Start of DATA SHOWN
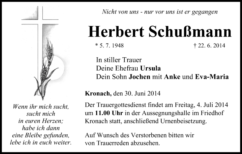 Hier finden Sie alle Traueranzeigen aus der Zeitung, die bisher für Herbert Schußmann erschienen sind. Weitere Traueranzeigen, die in der Zeitung erscheinen, werden hier ebenfalls aufgelistet
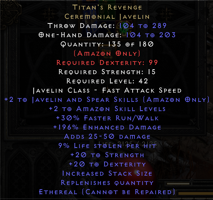 I can see the benefit, but I was wondering if it's possible to use a mercenary as a loaded weapon? Both my main build and my mercenary are just about kill proof, but I have several others in the works. Just a thoughtSchnorki wrote: 3 years agoFor SC, the 'when you die' is in fact preferred.mhlg wrote: 3 years agoWhether or not this is luck is yet to decided. I mean who wants a skill that only works when your char dies? On the other hand a level 51 Poison Nova should be effective on non poison immune. So I got to thinking. What if I placed on my mercenary? Will it works as well? If so then it might actually be useful.
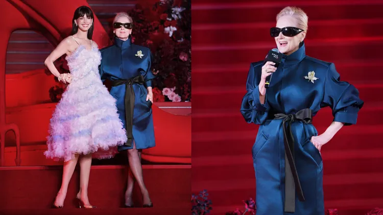 梅莉史翠普在電影中飾演「時尚女魔頭」,戲外的宣傳服裝也都用盡心思,像是早先在首爾記者會上選穿紅色PRADA套裝,首映會則改換上CELINE黑色褲裝,而昨晚上海宣傳時她穿上了一套寶藍色中式立領裙裝,搭配來自台灣的CINDY CHAO 藝術珠寶「四季楓葉胸針」及「建築戒指」。
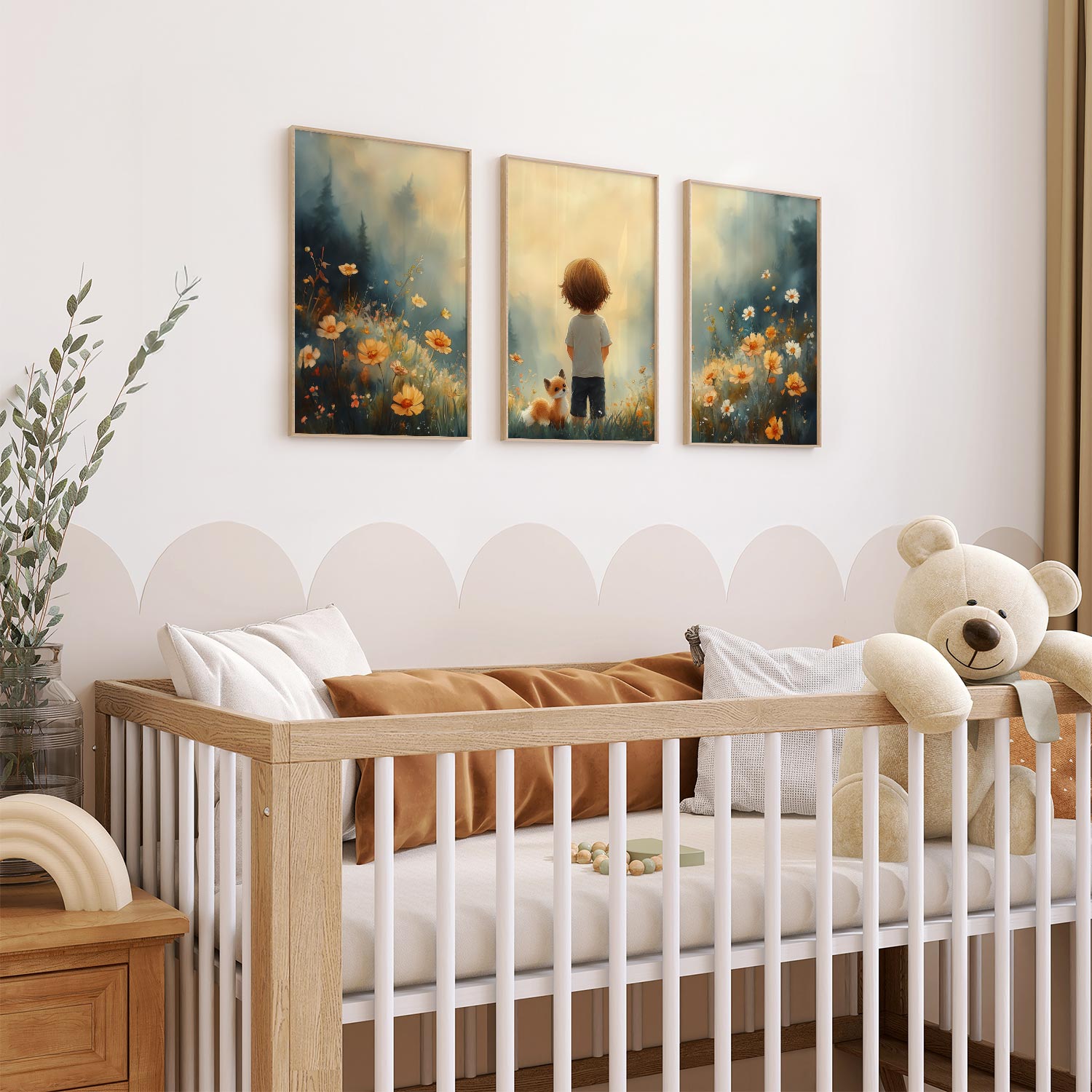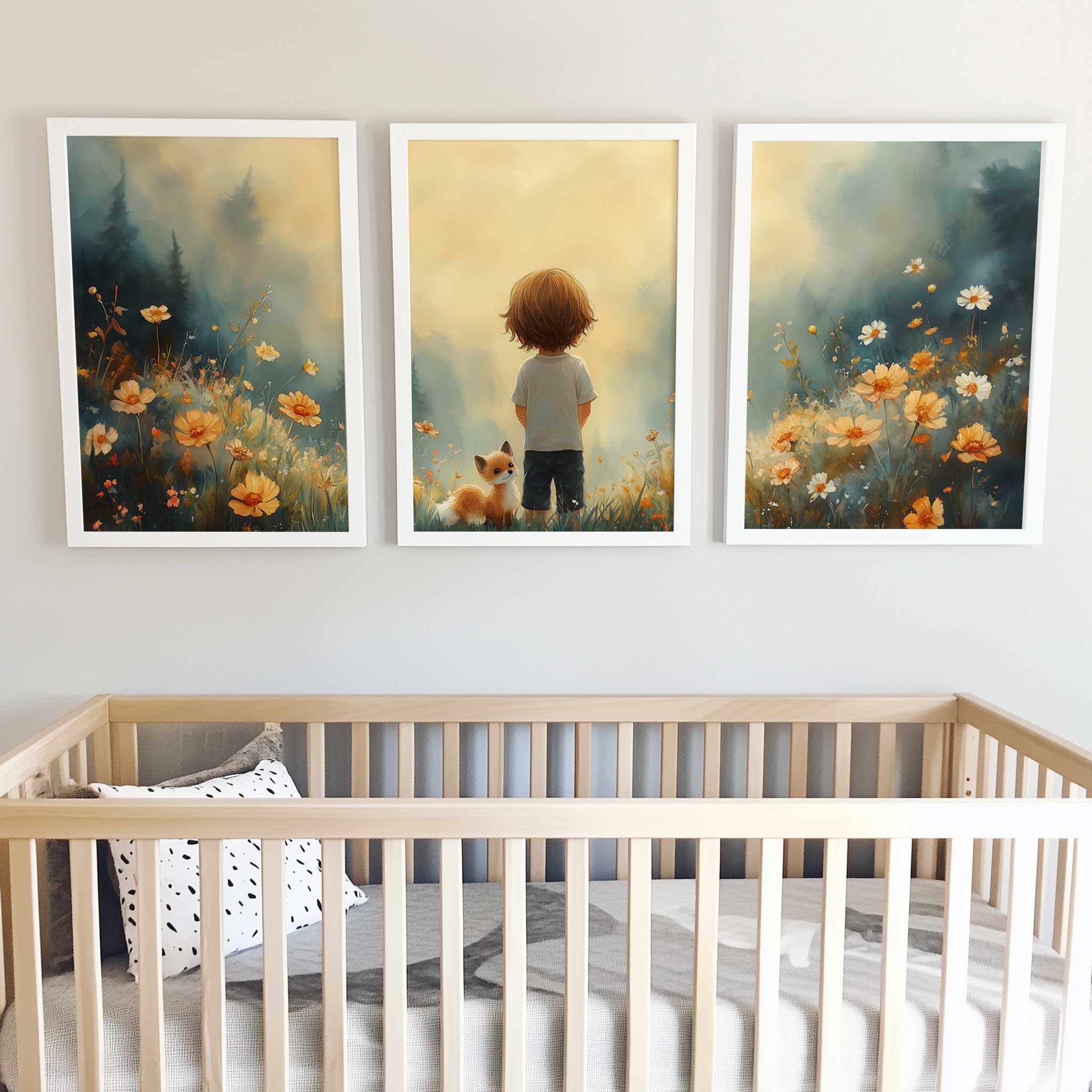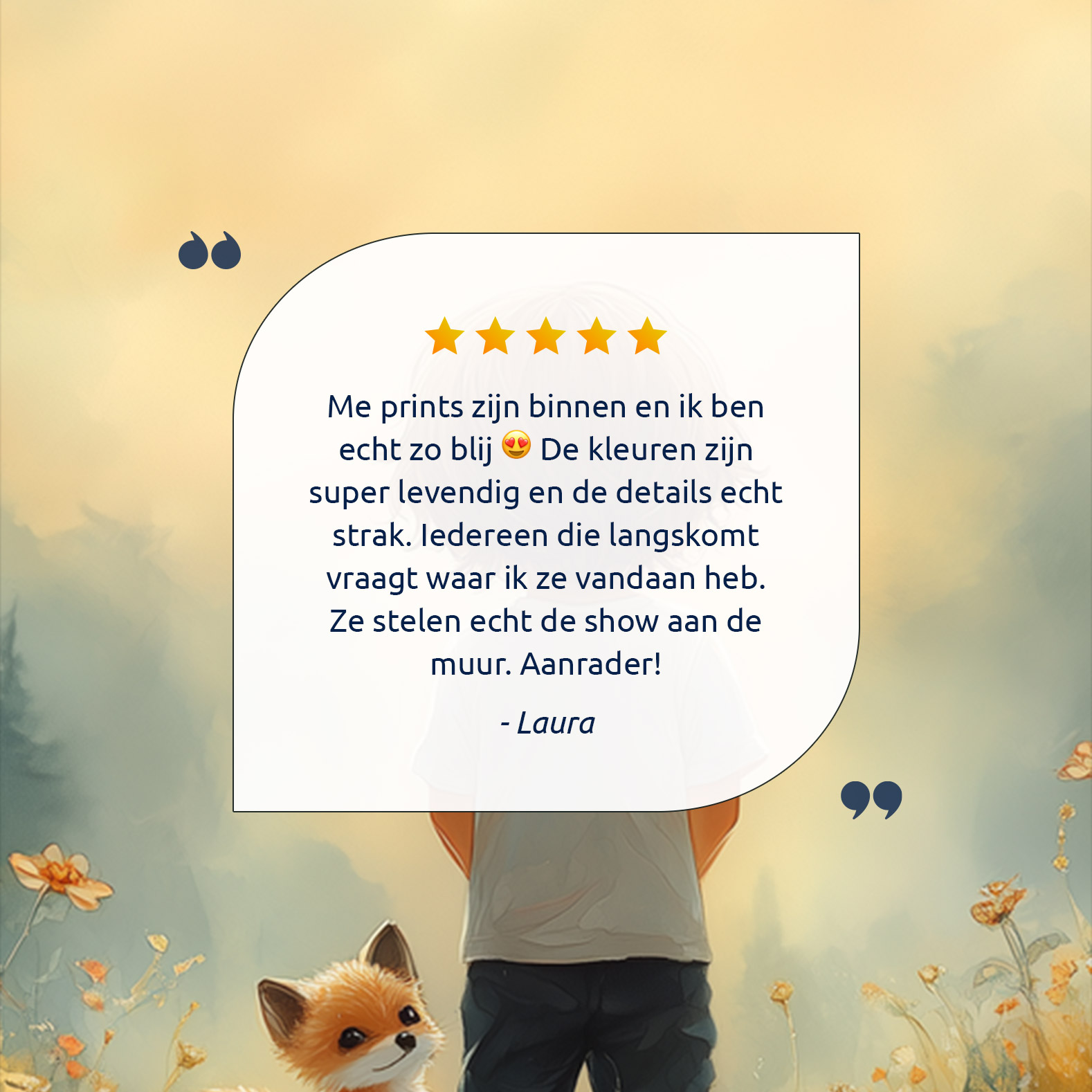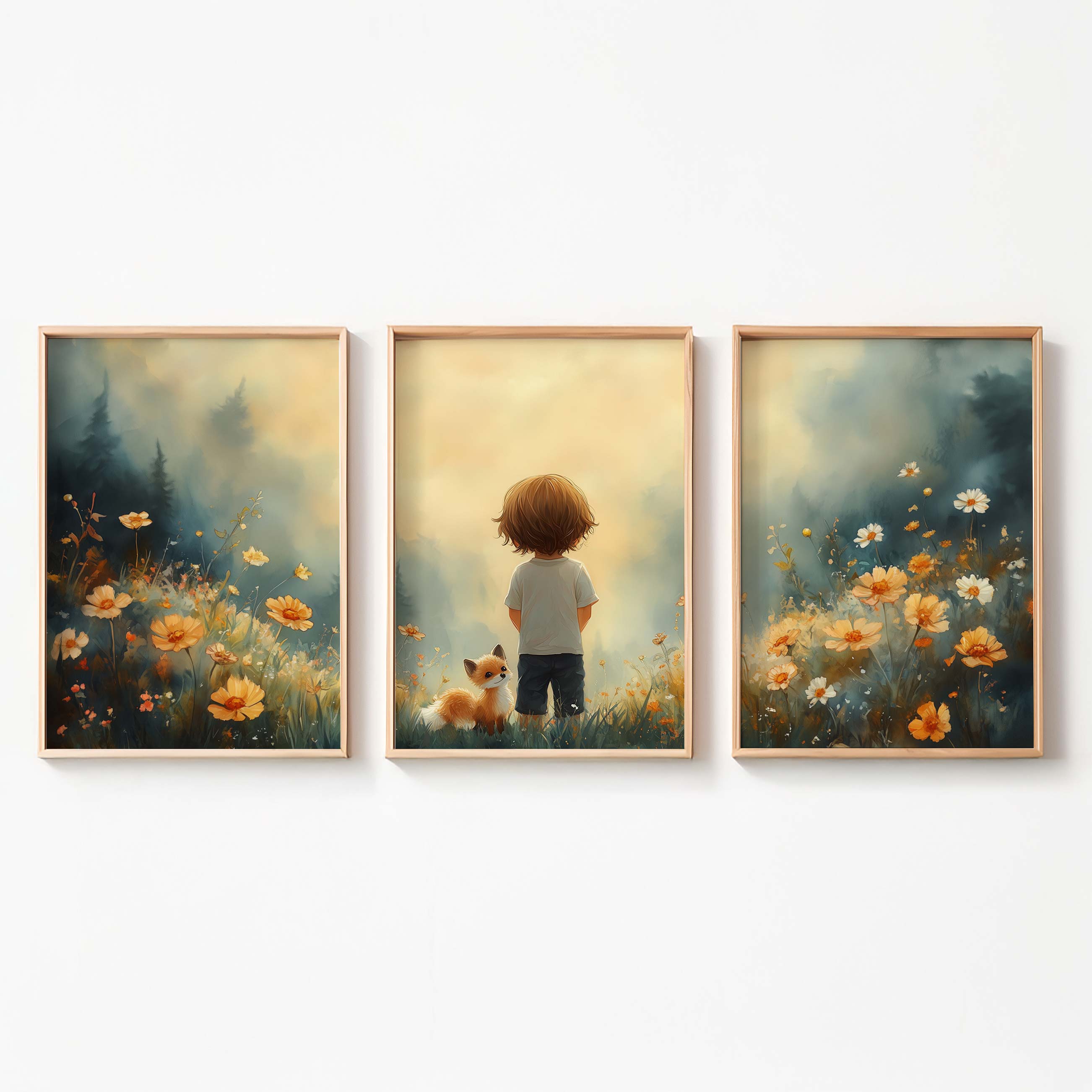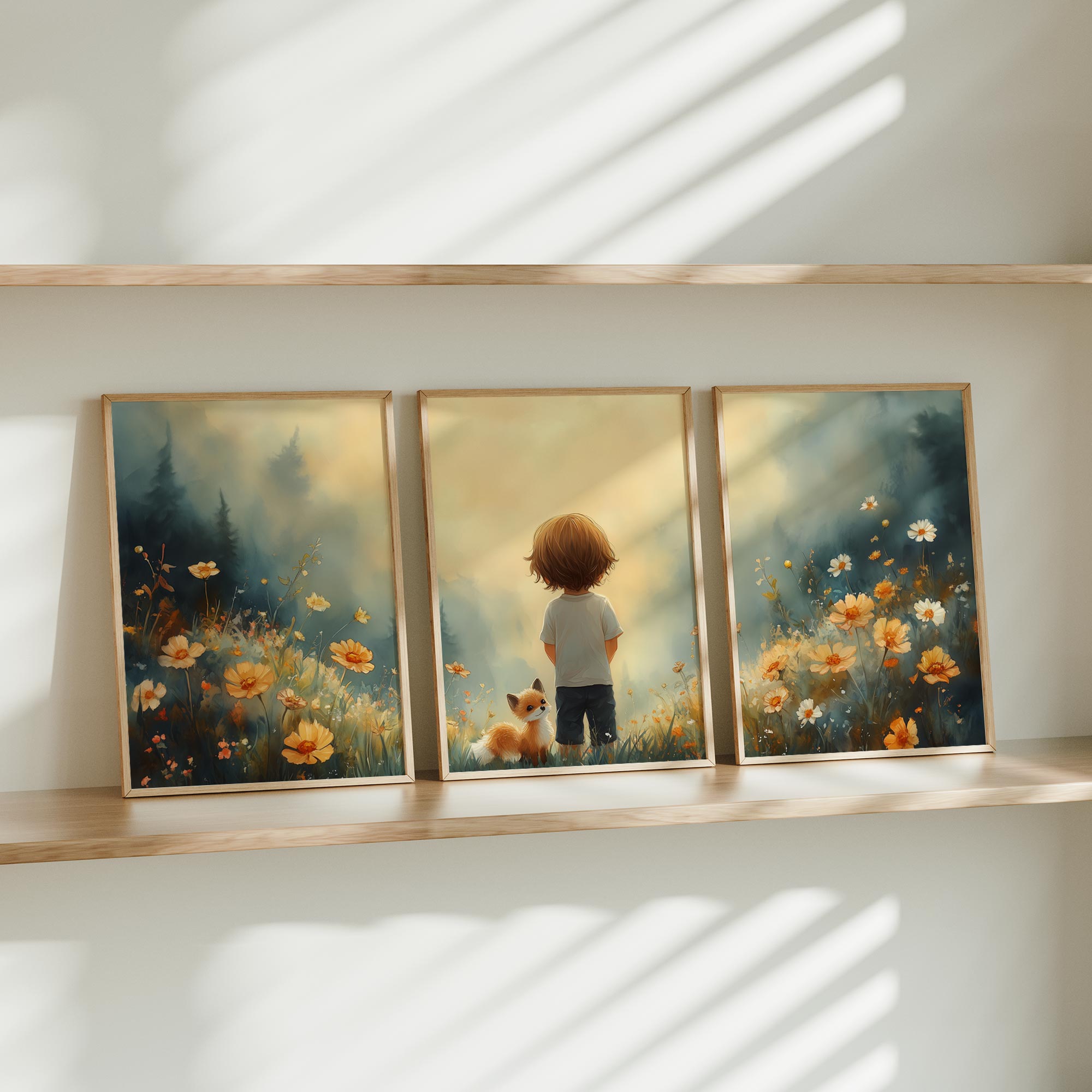 Zonnige Dromen: Jongen en Vos in Bloemenveld
End of DATA SHOWN
Take the whole listing above and copy it exactly. Pictures do not go into the copy.

EXERCISE SOLUTION:
 Hier finden Sie alle Traueranzeigen aus der Zeitung, die bisher für Herbert Schußmann erschienen sind. Weitere Traueranzeigen, die in der Zeitung erscheinen, werden hier ebenfalls aufgelistet
 I can see the benefit, but I was wondering if it's possible to use a mercenary as a loaded weapon? Both my main build and my mercenary are just about kill proof, but I have several others in the works. Just a thoughtSchnorki wrote: 3 years agoFor SC, the 'when you die' is in fact preferred.mhlg wrote: 3 years agoWhether or not this is luck is yet to decided. I mean who wants a skill that only works when your char dies? On the other hand a level 51 Poison Nova should be effective on non poison immune. So I got to thinking. What if I placed on my mercenary? Will it works as well? If so then it might actually be useful.
 梅莉史翠普在電影中飾演「時尚女魔頭」,戲外的宣傳服裝也都用盡心思,像是早先在首爾記者會上選穿紅色PRADA套裝,首映會則改換上CELINE黑色褲裝,而昨晚上海宣傳時她穿上了一套寶藍色中式立領裙裝,搭配來自台灣的CINDY CHAO 藝術珠寶「四季楓葉胸針」及「建築戒指」。
 Zonnige Dromen: Jongen en Vos in Bloemenveld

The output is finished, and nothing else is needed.